To increase your savings, automate everything.
Sold my car and invested in a bike
My 2007 Mercury Sable had a good run. But it was expensive.
Each month, I spent around one hundred dollars on gas, fifty dollars on insurance, and had a recurring $250 payment for my car loan. That doesn’t include oil changes, car washes, and random trips to the shop for various fixes.
In March, I bought a $700 bike. That’s it. I only have to spend more if I want to make upgrades. Instead of ubering, I bike. Instead of taking the train, I bike. Especially now, as remote working becomes more popular, a car doesn’t feel necessary in your twenties.
The $700 has already surpassed how much I would have spent if I still owned my car.
Built income streams beyond my salary
No one ever talked about freelancing in college.
Or writing outside of your career.
Or making YouTube videos.
Everything was focused on obtaining that single job that would provide a steady income and stable life. I quickly learned that this way of thinking just wasn’t financially sound advice. First, without much experience, it’s nearly impossible to find a really high paying job. “Good” companies want internships (which are often unpaid), a portfolio, and skills that most recent college graduates simply don’t have.
Even if you obtain that job, it can take years to move up and increase your salary.
Instead of waiting to climb the corporate ladder, I started working to make money in my free time. Weekends were spent pounding out articles on Medium. Weeknights were for learning the ins and outs of freelancing. Leisurely time included memoirs about business, books about investing, and podcasts on personal branding. Now, I make an extra four-figures each month on top of my salary.
Diversifying my revenue streams has allowed me to make substantially more and, in turn, rapidly increased my savings.
In my honest opinion, the battle to increase your savings is mostly mental. You need to learn how to spend smarter, save better, and be creative with your income.
- Spend less more often to save. Does that make sense? Satisfy your craving by making little purchases that prevent bigger, unnecessary ones.

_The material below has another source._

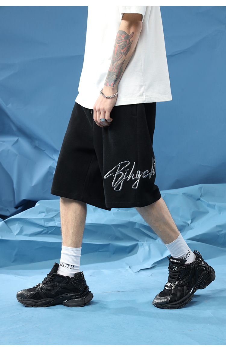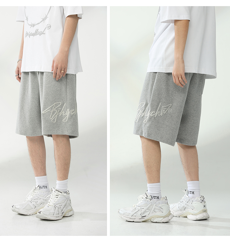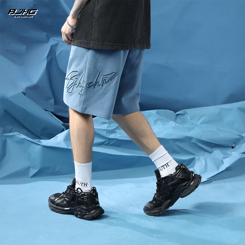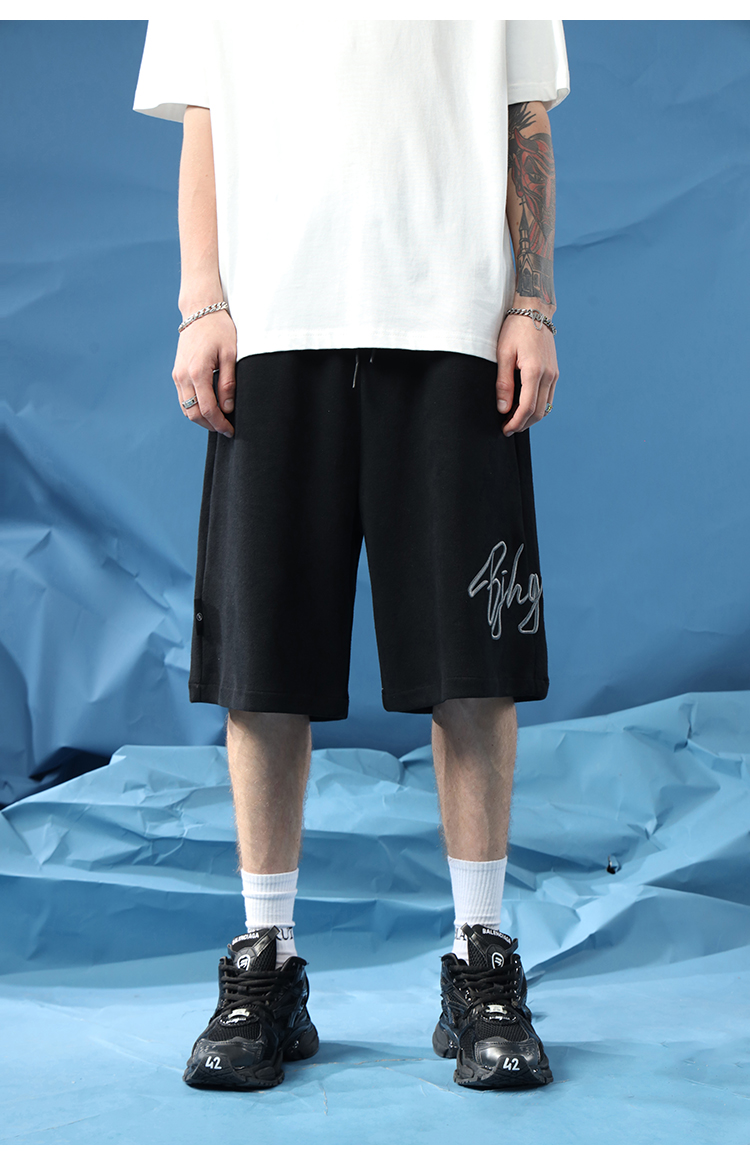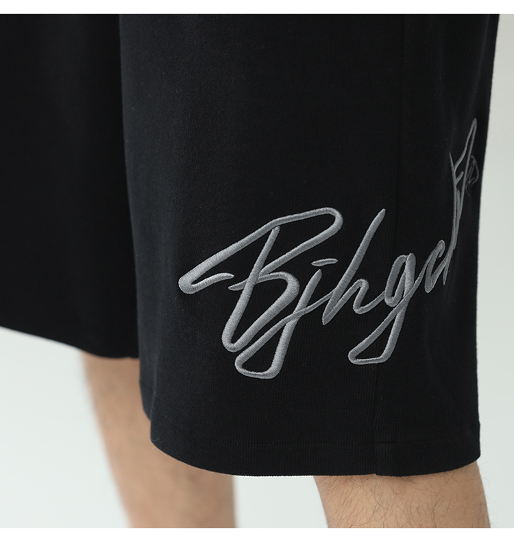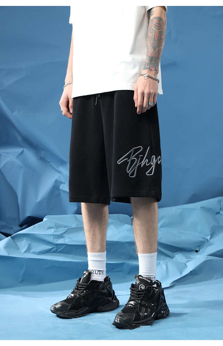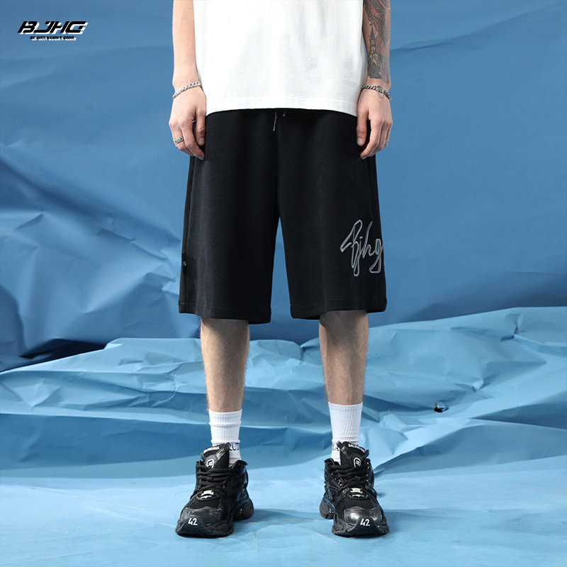 BJHG不計後果夏季休閒短褲男美式寬鬆潮牌刺繡籃球運動五分沙灘褲

- Bring cash with you to cap how much you spend in an evening. Credit cards have their obvious advantages — you don’t need to explore them over dinner with friends.
- Set recurring payments to automate your savings. Determine what you want to save each month and invest it into buckets that will make you money (interest), prepare for retirement (401k), and limit spending.
- Rethink transportation. It doesn’t have to be a bike, but really consider what options you can do to avoid a car and travel cheaper.
- Don’t hyper-focus on your salary as the only way to make money. Build up many different side hustles that can accelerate your savings.
Hopefully, you can implement a few of these strategies to help you increase your savings. Three years later, they have helped me feel confident about my financial future, not fearful.